The pictures get left out, but everything else in the listing below must be duplicated exactly.

- _MATERIAL PROVIDED_:
Content starts
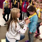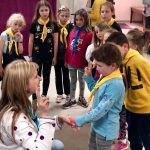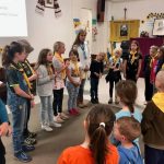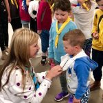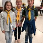 «Новацтво станиці Вікторія сьогодні поповнилося новими учасниками! Меланія не тільки з гордістю приєдналася сама, але й допомогла своєму молодшому брату Яремі, який сьогодні отримав хусточку пташеняти! Ніна, Калина, Гретхен та Богдан навчались пластового впоряду.
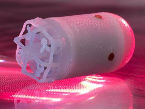 后面小螺旋槳作為驅(qū)使力,這臺相機膠囊機器人可以用來探索人體的消化系統(tǒng)。病人把它“吃”下去以后,它將在人體內(nèi)“游”視需探索的領(lǐng)域。(圖:皇家外科學院/意大利比薩圣安娜)
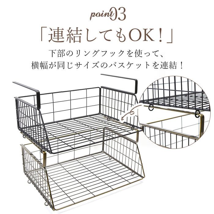 ・下部のリングフックを使って、横幅が同じサイズのバスケットを連結!クロスやマグなどを、取り出しやすく収納できて便利。
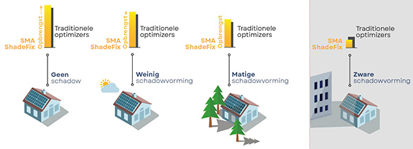 Op een mooi dak met een optimale oriëntatie, met een beetje schaduw van takken of schoorstenen, zou ik nooit optimizers overwegen, maar kiezen voor een omvormer met een schaduwbeheersysteem zoals het 'Shadefix'-systeem van bijvoorbeeld SMA.
Content ends
- _YOUR SOLUTION_:
 «Новацтво станиці Вікторія сьогодні поповнилося новими учасниками! Меланія не тільки з гордістю приєдналася сама, але й допомогла своєму молодшому брату Яремі, який сьогодні отримав хусточку пташеняти! Ніна, Калина, Гретхен та Богдан навчались пластового впоряду.
 后面小螺旋槳作為驅(qū)使力,這臺相機膠囊機器人可以用來探索人體的消化系統(tǒng)。病人把它“吃”下去以后,它將在人體內(nèi)“游”視需探索的領(lǐng)域。(圖:皇家外科學院/意大利比薩圣安娜)
 ・下部のリングフックを使って、横幅が同じサイズのバスケットを連結!クロスやマグなどを、取り出しやすく収納できて便利。
 Op een mooi dak met een optimale oriëntatie, met een beetje schaduw van takken of schoorstenen, zou ik nooit optimizers overwegen, maar kiezen voor een omvormer met een schaduwbeheersysteem zoals het 'Shadefix'-systeem van bijvoorbeeld SMA.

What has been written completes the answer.